#### Problem to work on
Each entry below should be echoed exactly, with pictures omitted.
BEGIN Given information
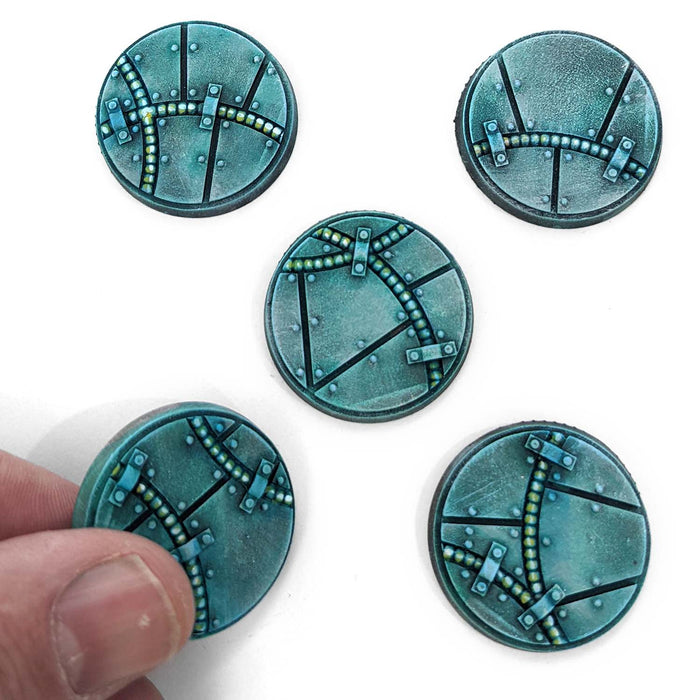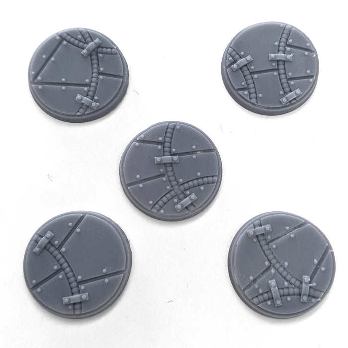 - SCENIC BASE || Various spaceship floor textures, synthetic durable material, designed for 28mm Scale Tabletop War Game Miniatures (Painted Example Photo for reference only, actual bases are grey. Due to resin manufacturing process, actual shape of base may vary slightly from those shown.)
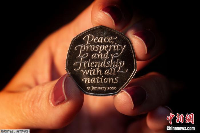 “共享和平、繁荣和友谊”是刻在英国脱欧纪念币上的字样。
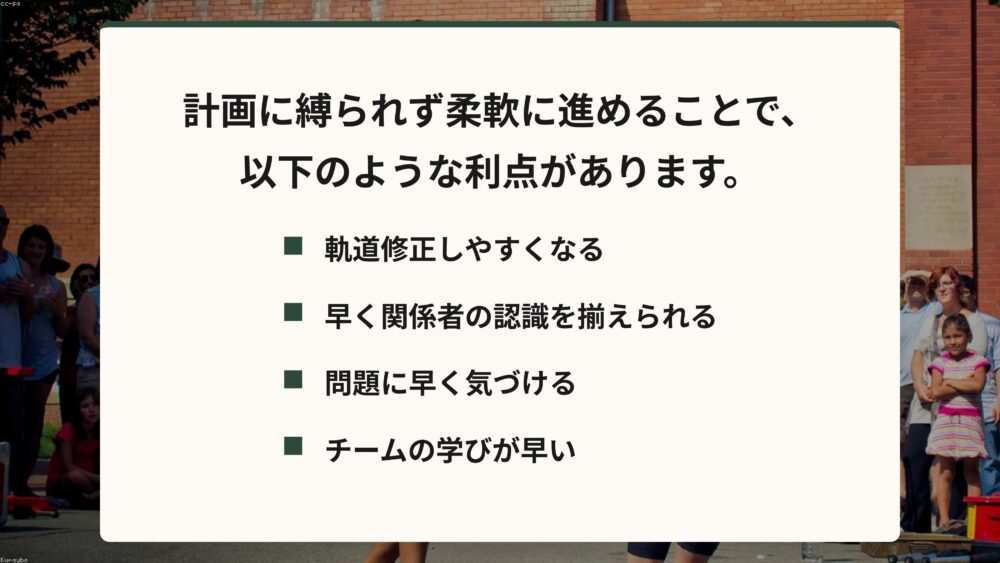 この進め方の最大の利点は、いつでも軌道修正ができることです。
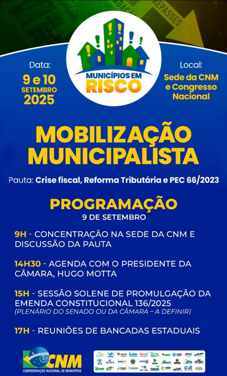 A programação começou às 9h, com concentração na sede da CNM e discussão da pauta. Às 14h30, está prevista uma reunião com o presidente da Câmara dos Deputados, Hugo Motta. Em seguida, às 15h, haverá uma sessão solene para a promulgação da Emenda Constitucional 136/2025, em plenário a ser definido entre Senado e Câmara. O dia encerra às 17h, com reuniões das bancadas estaduais.
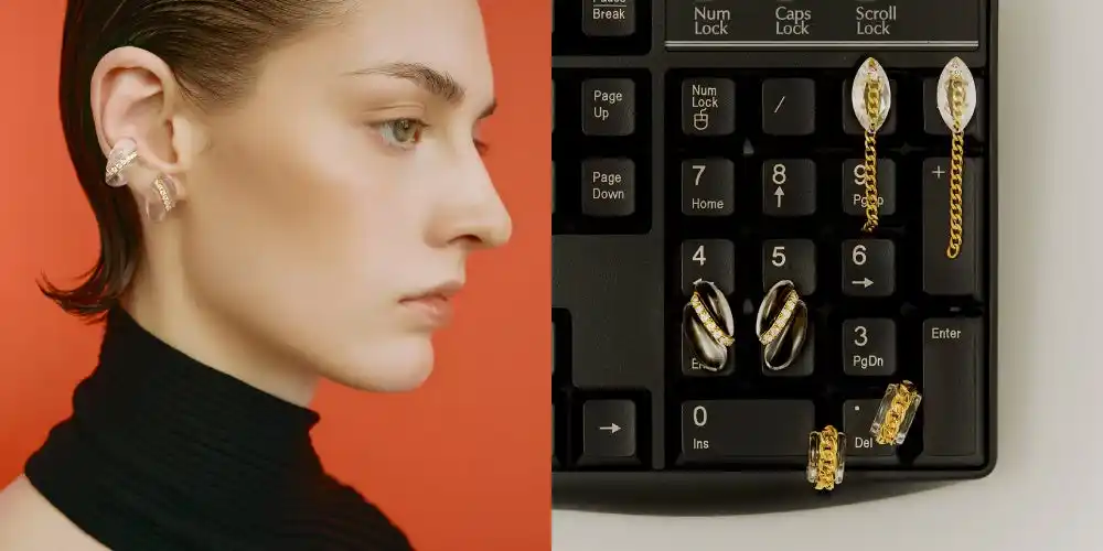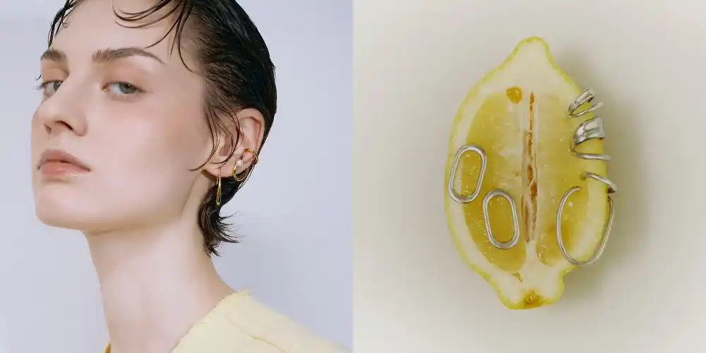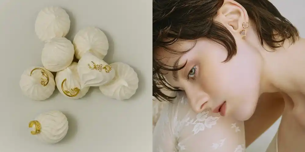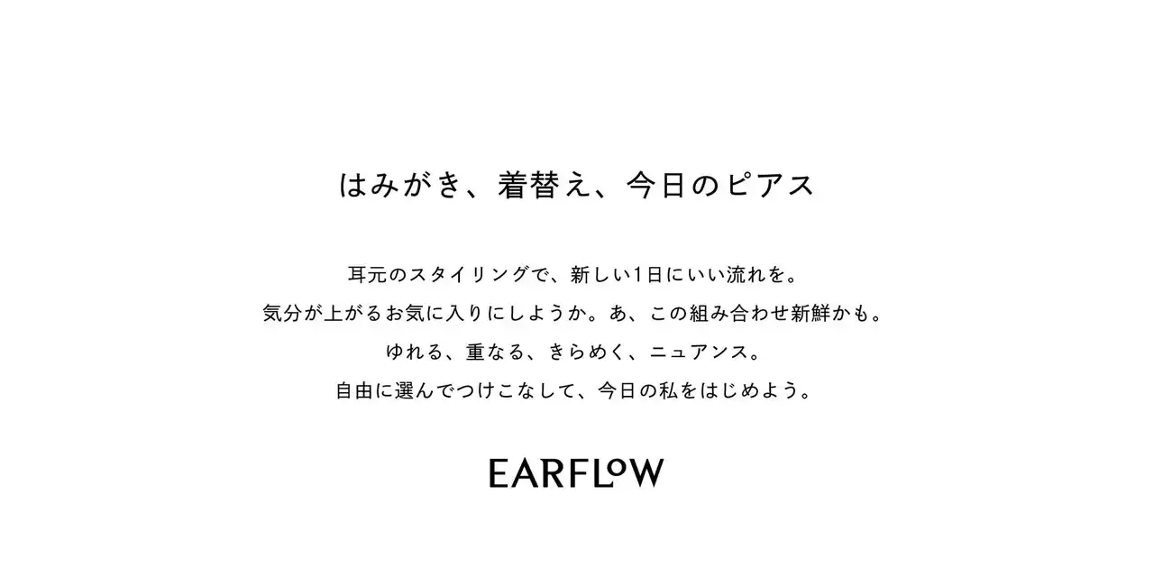今回のリブランディングでは、イヤージュエリー<EARFLoW>をブランドの中心となるアイテムに据え、耳元から楽しむスタイリングを提案します。ピアス、イヤーカフ、イヤリングを自由に組み合わせ、その日の気分やシーンに合わせて“今日の耳元”を楽しむ。 |
END Given information
#### Result for this task
 - SCENIC BASE || Various spaceship floor textures, synthetic durable material, designed for 28mm Scale Tabletop War Game Miniatures (Painted Example Photo for reference only, actual bases are grey. Due to resin manufacturing process, actual shape of base may vary slightly from those shown.)
 “共享和平、繁荣和友谊”是刻在英国脱欧纪念币上的字样。
 この進め方の最大の利点は、いつでも軌道修正ができることです。
 A programação começou às 9h, com concentração na sede da CNM e discussão da pauta. Às 14h30, está prevista uma reunião com o presidente da Câmara dos Deputados, Hugo Motta. Em seguida, às 15h, haverá uma sessão solene para a promulgação da Emenda Constitucional 136/2025, em plenário a ser definido entre Senado e Câmara. O dia encerra às 17h, com reuniões das bancadas estaduais.
今回のリブランディングでは、イヤージュエリー<EARFLoW>をブランドの中心となるアイテムに据え、耳元から楽しむスタイリングを提案します。ピアス、イヤーカフ、イヤリングを自由に組み合わせ、その日の気分やシーンに合わせて“今日の耳元”を楽しむ。 |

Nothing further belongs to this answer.